The reptile centre looked like a tiny little building as we approached but inside it was much larger than we expected. Having paid our entry fee (less YHA discount – Elizabeth’s card having almost paid for itself!), we had some time before the “show” and so headed into the first room. Here they had a number of different geckos, many of which were tiny. They were really well displayed in a nocturnal environment and some of the markings and colourings on them were really cool.

Next, we headed into the first of the main two rooms where we were greeted by Frank the Spencer’s Goanna who was happily wandering around the room. Inside this room were a number of highly dangerous snakes including the two most venomous in the world – the Inland Taipan and Brown Snakes. Australia is home to 18 of the world’s 20 most dangerous snakes and as well as the above Death Adders and Mulga Snakes were displayed here.

Next came the show. Here the guide showed us three different lizards and an Olive Python. She explained about each one and where you might find them, how to hold them and also what to do if you see a snake in the wild and how to treat a bite. The three lizards were a Blue-tongue, a Shingleback (or two-headed) and a Central Bearded Dragon! We were able to hold both the blue-tongue and bearded dragon and they both felt completely different, with the blue-tongue being quite moist and the dragon being very rough and spiky. We were also able to hold the olive python which was only a youth but was still well over a metre long. Having the snake wrapped around your neck you could feel the muscles in the body contracting as it gripped and I couldn’t imagine how strong these are as adults, apparently able to kill and consume a kangaroo!

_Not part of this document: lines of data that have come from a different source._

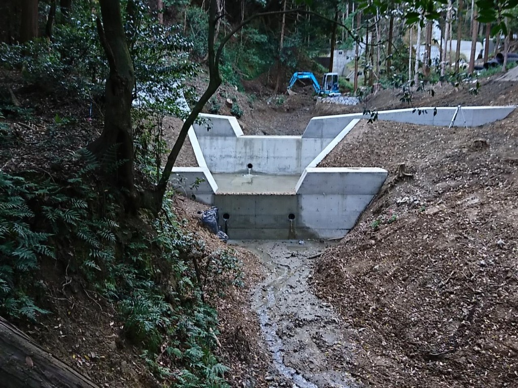 9月中旬より施行。下請業者さんの協力のもと、谷止工、副堤工を順調に進めています!
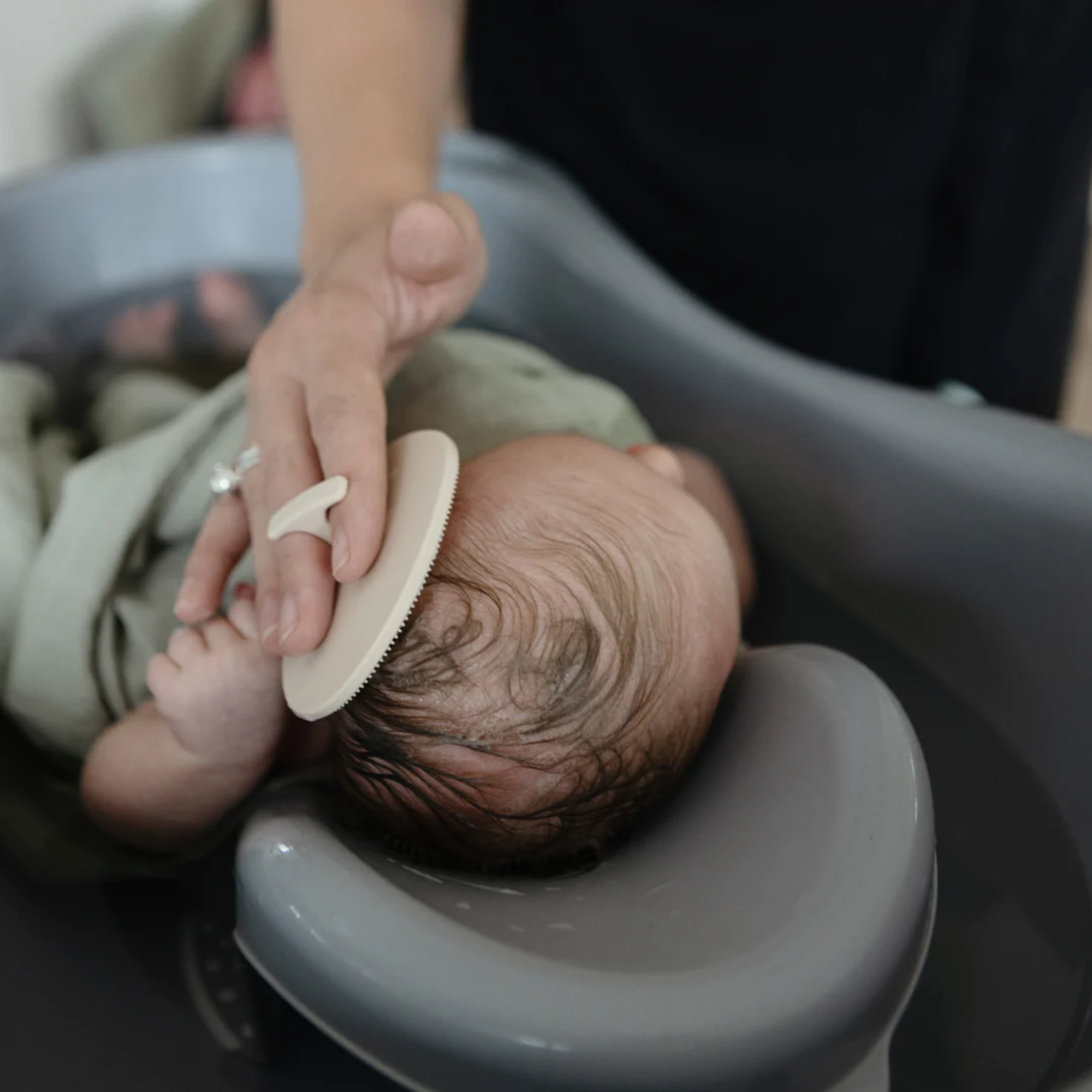 Make bath time a breeze for parents and babies with our soothing and effective cradle cap brush. Specifically designed for your little one's delicate skin, the soft silicone bristles gently massage while removing cradle cap flakes and exfoliating from head to toe. This brush fits in the palm of your hand and features an ergonomic finger grip for added comfort and control.
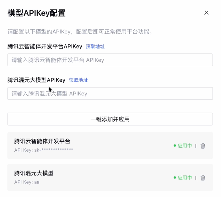 腾讯智能体开发平台 APIKey 用于获取腾讯云知识引擎原子能力的服务,您可通过多款原子能力组建您专属的模型服务,调用文档解析、拆分、embedding、多轮改写等服务进行组装,定制企业专属 AI 业务,详情请参见 知识引擎原子能力。
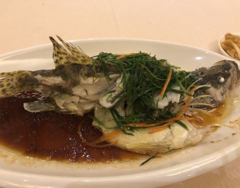 中餐厅叫聚仕轩,远洲酒店进门右手边,很多来庐山的游客住在这里。 中餐厅环境很好,主打各种河鲜江鲜,白鱼是一大特色,还有野猪肚。我一个人来,只点了一条清蒸鳜鱼和一个芦蒿炒腊肉,吃的很好。
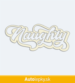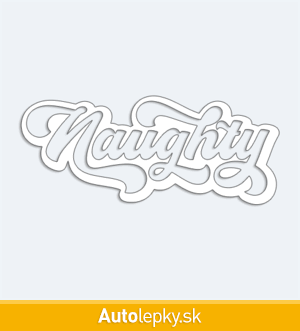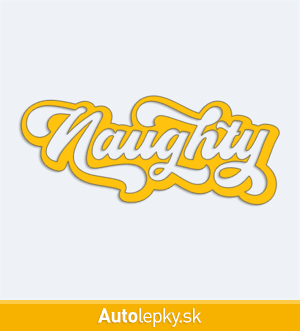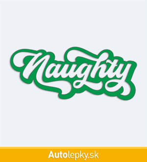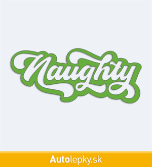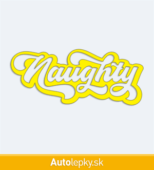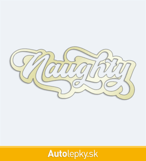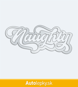 Nálepku nápis Naughty na auto vyrábame v 40 farbách a mnohých veľkostiach. Minimálny rozmer samolepky je 10×4.2 cm, katalógové číslo 6146. Nálepka na auto s nápisom Naughty je vyrobená z kvalitnej samolepiacej fólie s životnosťou 3-5 rokov.
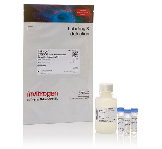 An amine-reactive pHrodo Deep Red TFP ester is used for the pHrodo Deep Red Mammalian and Bacterial Cell Labeling Kit (Cat. No. P35357). The same reactive pHrodo Deep Red TFP Ester is available as a standalone product (Cat. Nos. P35358, P35359), but they are not of the same amount provided in the kit. The amount of reactive dye provided in the pHrodo Deep Red Mammalian and Bacterial Cell Labeling Kit (Cat. No. P35357) is proprietary.
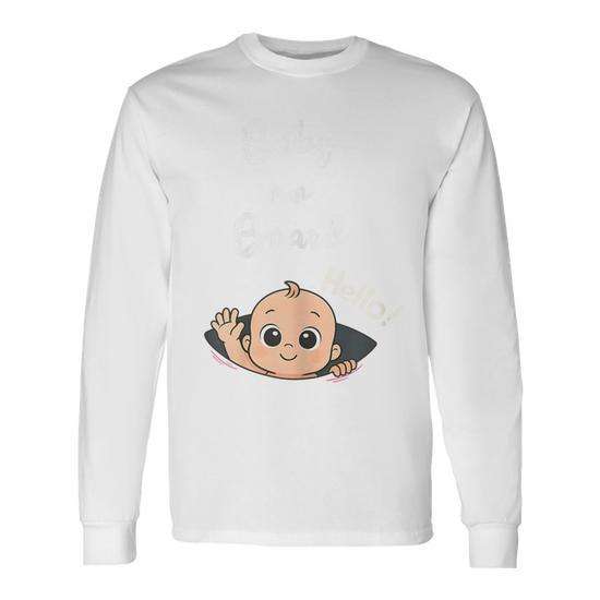 T-shirt a maniche lunghe unisex per adulti con stampa digitale e design 'Pregnancy Announcement Peeking Baby'
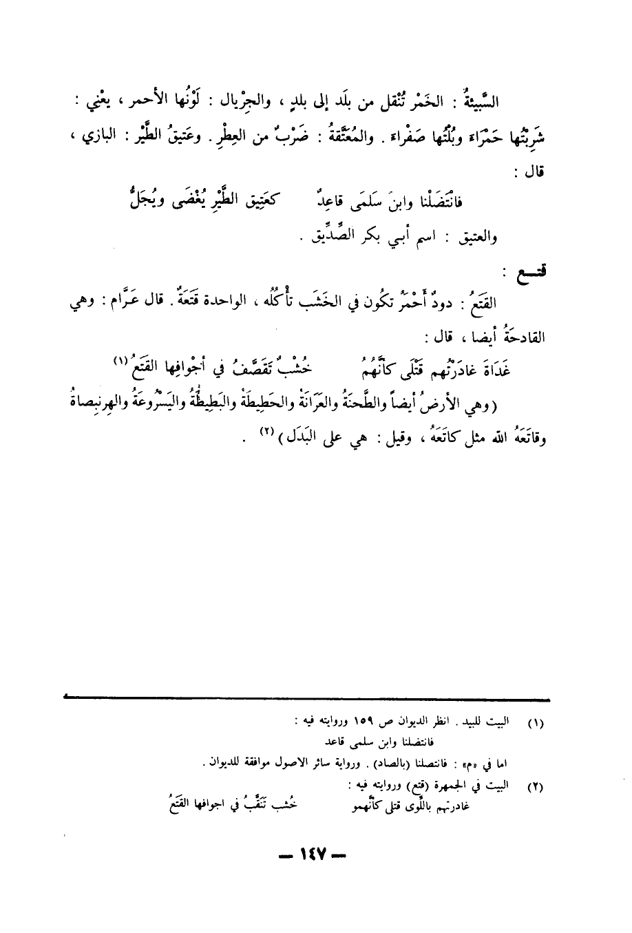 (2) البيت في الجمهرة (قتع) وروايته فيه:
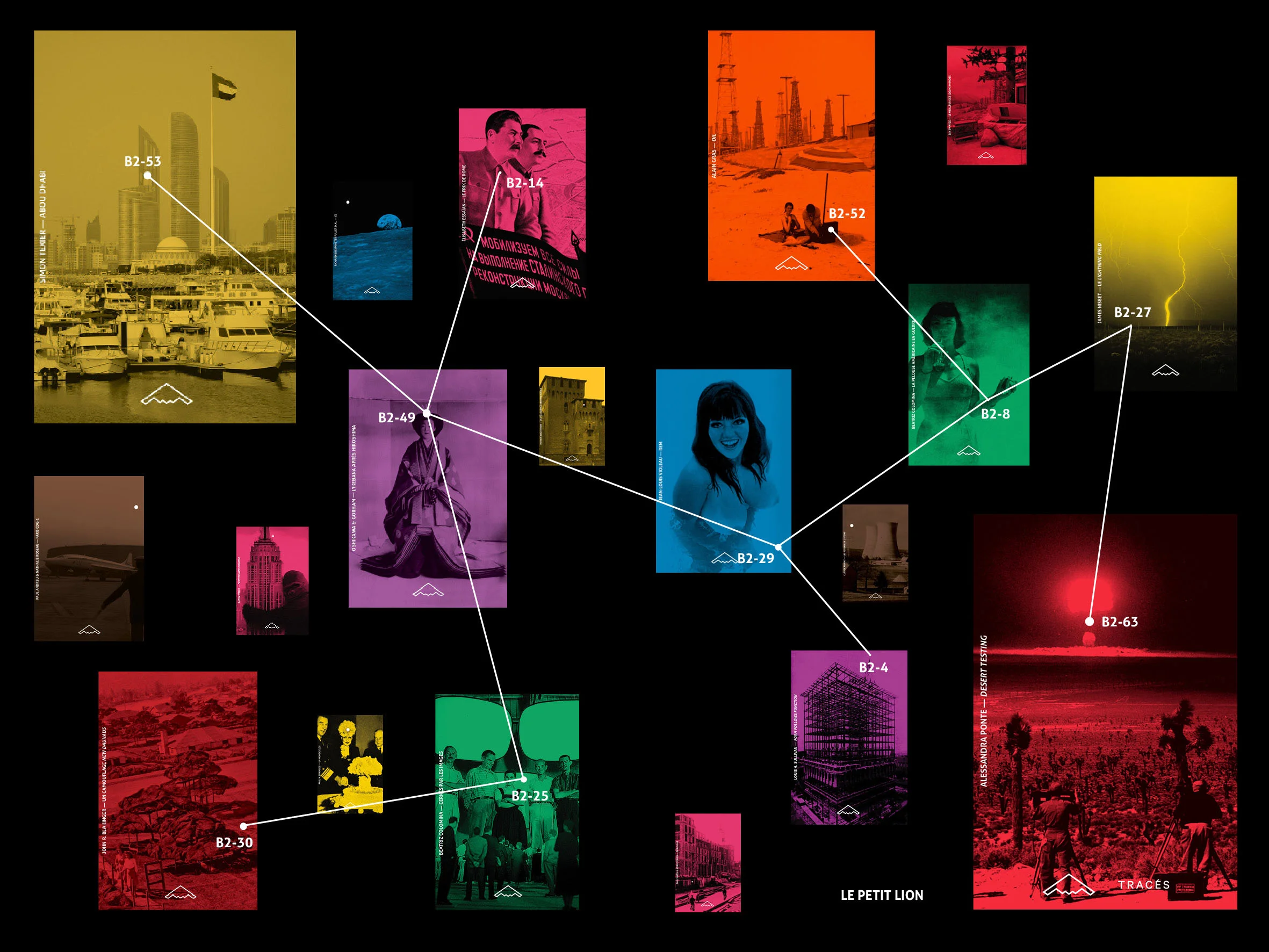 Le petit point en question s’appelle « confetti » et constitue un punctum focal positionné en fonction de ce que « dit » l’image de couverture. C’est un hommage, discret pour certains et beaucoup moins pour d’autres, à la fois à Pierre Faucheux et à ses collections « Point Seuil », et à la fois à Roland Barthes et à ses écrits sur la photographie. Ce n’est que bien plus tard, le catalogue s’étoffant, que le confetti a été appelé à devenir un « connecteur » puis à participer aux « constellations » permettant d’associer, le plus souvent par analogies, plusieurs titres ensemble. Très impliqué dans le projet B2 et l’architecture, je considère Lionel Catelan un peu comme mon « graphiste en chef ». C’est à son initiative que, récemment, nous avons amélioré la grille des pages intérieures afin que sa micro-typographie soit optimale et l’occupation « tout utile » de la page, plus économique.

The show was really good fun and it was amusing watching people who hated snakes and reptiles either refusing to hold them or being cajoled into it by other family members, including one father who was petrified of the snake but was hassled into holding it by his wife and daughter!

After the show we visited the second room and the outside area. These areas contained a variety of skinks as well as more of the lizards we’d already seen, plus a saltwater crocodile and a Perentie Goanna, the largest lizard in Australia. We also saw a number of Thorny Devil Lizards which Elizabeth was really keen to see. These lizards are so tiny and apparently really timid but they have large spikes on their backs which make them look a lot scarier. They are really cool to see up close. I think seeing all the lizards made Elizabeth and I decide they might be a fun pet when we finally have a house!

We attempted to visit the Royal Flying Doctor Base afterwards but after waiting around 10 minutes, no-one had appeared at reception so we just headed back to the hotel for lunch – French bread pizzas made using leftover cheese, ham and tomato paste!

In the afternoon, void of anything else to do, we headed out to the Todd Mall and had a walk around the shops where we inevitable ended up spending money by way of a book, a map, a magnet, some aboriginal artworks plus a couple of other small things before running away to avoid spending any more, stopping only at Liquorland to buy a $6 bottle of wine to accompany dinner!

The evening was spent relaxing in the common area at the hotel watching the tennis, eating lovely pasta and garlic bread and drinking a distinctly average wine, as well as the dull packing.

Melbourne tomorrow! Alice Springs and Uluru have been a nice little stop but the places have been sleepy, REALLY sleepy and I couldn’t imagine spending any longer here than we have. Even with the flight screw up, we had plenty of time to do all we wanted to and have time to spare. I hadn’t done this region when I came before and am glad I have now but can’t imagine any reason to come back in the future. Anyway – onwards!